I also have this case. Typically only costs about $35 in the U.S. Cheap, basic, well laid out, lots of places for fans.


----------



## mlee49 (Jul 15, 2010)

The Sugo is a really nice case and more HTPC heatsinks have been released that should fit and cool quite well.

Have you looked into the P180? Best mATX case ever, but may not meet all your requirements.


----------



## mudkip (Jul 15, 2010)

mlee49 said:


> The Sugo is a really nice case and more HTPC heatsinks have been released that should fit and cool quite well.
> 
> Have you looked into the P180? Best mATX case ever, but may not meet all your requirements.


 I had the P182 , it''s big brother, before but I don't like it. Also it's too big imo.


----------



## brandonwh64 (Jul 15, 2010)

http://www.zipzoomfly.com/jsp/ProductDetail.jsp?ProductCode=10012039&prodlist=froogle


----------



## mudkip (Jul 15, 2010)

ebolamonkey3 said:


> Get the A05N, it's under your $100 limit and can fit ATX size motherboards as well, so some more flexibility there. Footprint is also very small since it's very short and think, and build quality is great. I just ordered one from Newegg (free shipping right now) after reading through that monster 200+ page thread about this case on [H], and I think the fact that people are still talking about this case so long after release is a statement in itself.
> 
> Btw, the A05N fits all the requirements you listed, and I think it's got the best airflow out of all the mini cases that you listed, especially if you get a cut-out top for it that fits a 140mm fan.
> 
> ...


The GT240 consumes less power.  and 700watt psu is overkill which means that your psu's efficiency is going to be low.


----------



## Soylent Joe (Jul 15, 2010)

mudkip said:


> Nice case! I'm not sure about the airflow though. only 1 x 80mm at the rear? I emailed lian li to ask them what's the maximum height for a CPU cooler to fit in the case.

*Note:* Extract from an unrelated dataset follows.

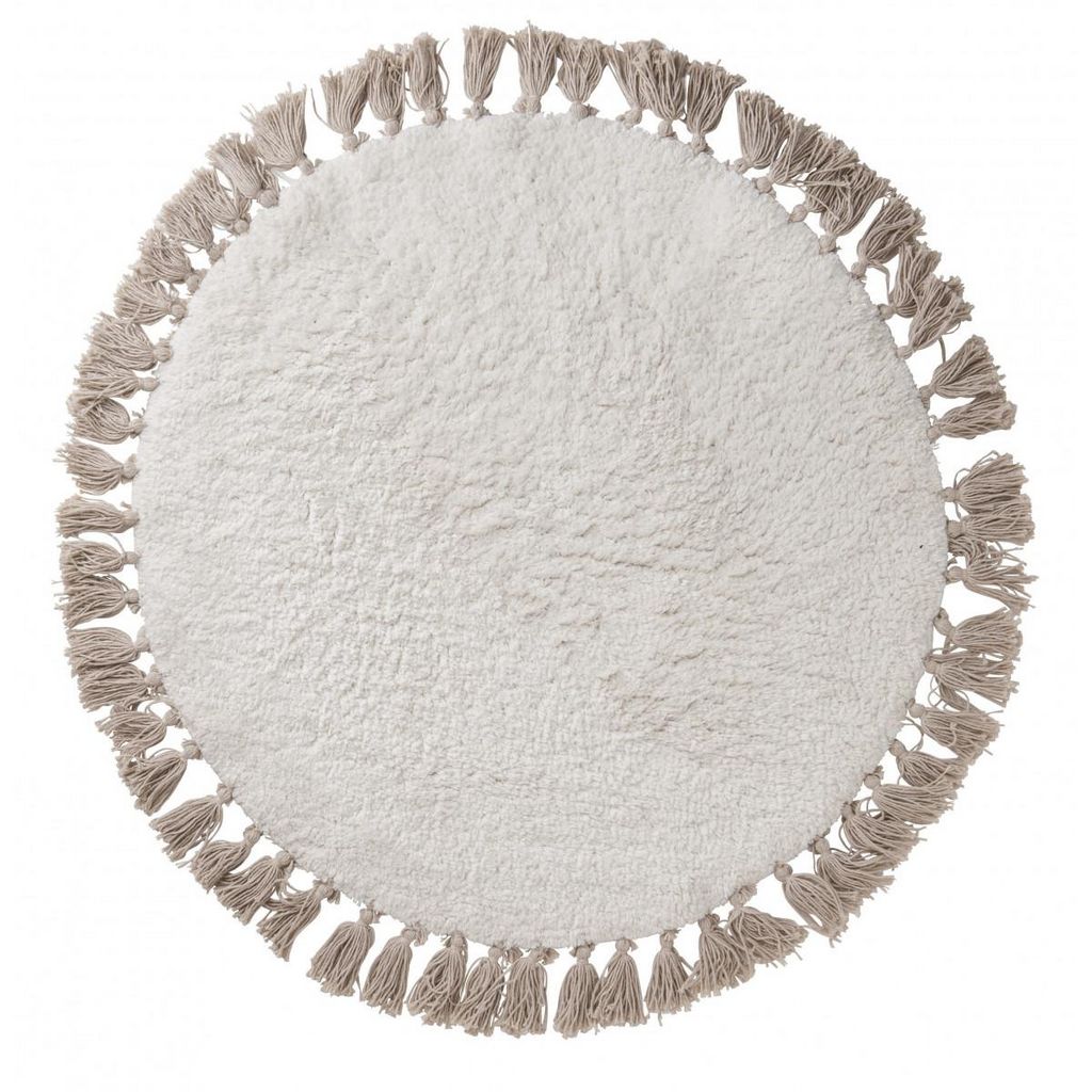 Tapis déco enfant rond à pompons en coton 70x70cm

Yeah but I'd say 2x 120mm fans blowing into a case that small is going to give you a good amount of airflow Also, it has a removable motherboard tray which is an excellent feature for a case of its size.

I was looking up reviews for it and found a massive thread on [H] with tons of pictues of people's builds with them.






As you can see there's not a ton of room for coolers. I did see some pictures of people using 92mm towers though.


----------



## ebolamonkey3 (Jul 16, 2010)

mudkip said:


> The GT240 consumes less power.  and 700watt psu is overkill which means that your psu's efficiency is going to be low.



Well, didn't know you had a GT240, that card should run plenty cool in the A05N. The 700w I just have lying around, so I didn't want to buy a new PSU. Plus, eventually I'll probably get a GTX 460 to put into this case, so it's all good.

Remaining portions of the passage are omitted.